Procuro mantener los labios apretados, pero se me escapa una sonrisa.

Mientras avanzamos a paso de tortuga, mi móvil suelta un pitido de mensaje recibido.

—Es de Toneri —digo después de leerlo—. Ha llegado a Kyoto sin problemas. Se ha ido unos días para localizar nuevos terrenos de construcción.

—Ya veo.

Cruzamos una rotonda. Estamos en las afueras. El aire parece más gris y, de repente, me cae en la mejilla una gota de lluvia. Me estremezco y Naruto vuelve a cerrar el techo. Tiene una expresión muy seria mientras va serpenteando por los carriles.

—Toneri podría haber liquidado las deudas de tu padre sin el menor esfuerzo, ¿sabes? —me dice de pronto—. Pero no. Dejó que las pagaras tú. Ni siquiera hizo el gesto.

Ahora no sé qué decir. Ni qué pensar.

—E-Es su dinero —replico al fin—. ¿Por qué tendría que hacerlo? Y además, yo no n-necesito la ayuda de nadie.

—Mmm. Es verdad… Yo te lo propuse y no quisiste aceptar nada. Eres muy testaruda.

Llegamos a un cruce y nos situamos detrás de un autobús. Naruto me mira.

—No sé qué plan tienes ahora.

—¿Ahora?

—El resto del día. —Se encoge de hombros—. Con Toneri de viaje.

Algo empieza a agitarse dentro de mí. Un suave latido que ni siquiera quiero reconocer ante mí misma.
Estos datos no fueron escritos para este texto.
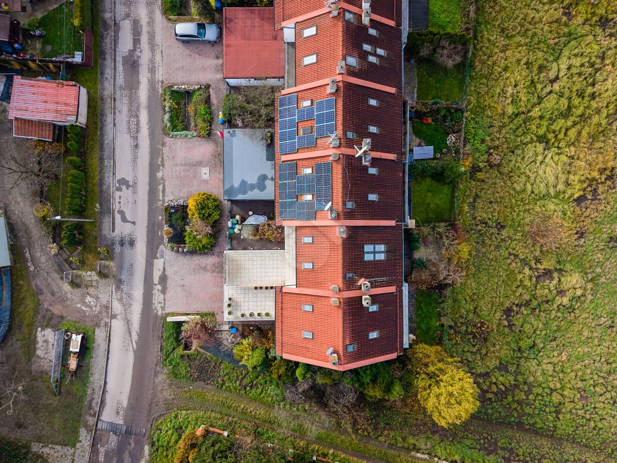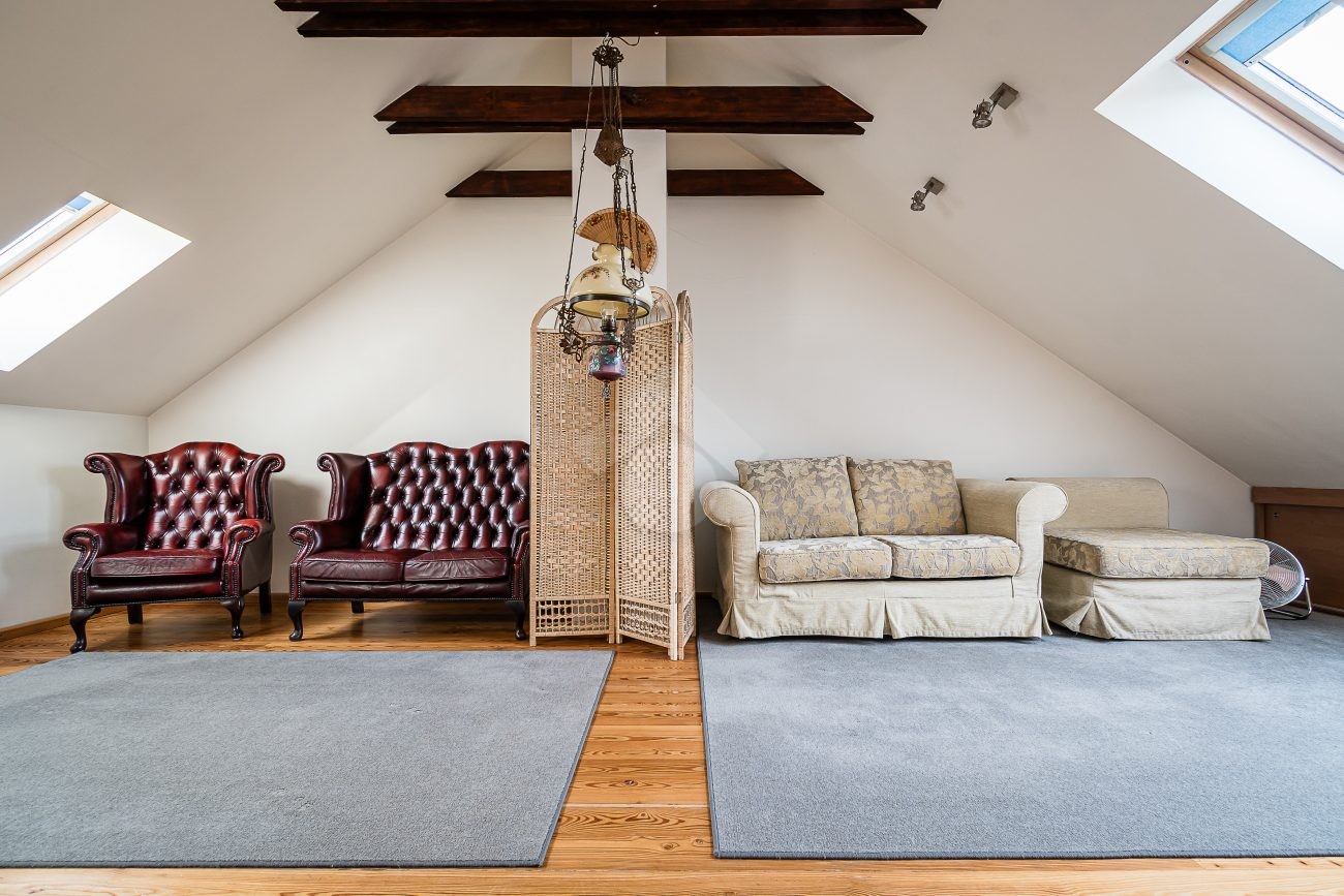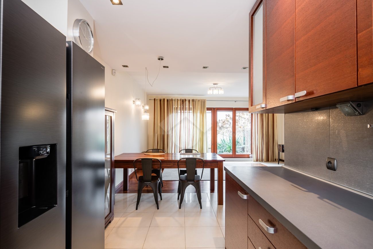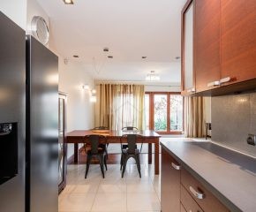 Stan budynku: Bardzo dobry. Budynek oddany do użytkowania w 2006 r. Do budowy nieruchomości użyto materiałów najwyższej klasy. Okna drewniane, drzwi wewnętrzne w domu i wejściowe – w okleinie naturalnej drewnianej egzotycznej, meble kuchenne w naturalnej okleinie drewnianej merbau, lodówka side by side. Dla najemców dostępny indywidualny ogródek.

—Bueno. —Adopto un tono formal—. Nada en particular. Irme a casa, cenar, leerme los documentos de la carpeta… —Me obligo a hacer una pausa que parezca natural—¿P-Por qué?

—Por nada. —Él también hace una pausa y arruga el entrecejo con la vista fija en la carretera, antes de añadir—: Es que hay algunas cosas tuyas en mi apartamento. A lo mejor quieres recogerlas.

—Bueno —digo encogiéndome de hombros.

—Muy bien. —Da media vuelta y hacemos el resto del trayecto en silencio.

Naruto vive en el apartamento más precioso que he visto nunca.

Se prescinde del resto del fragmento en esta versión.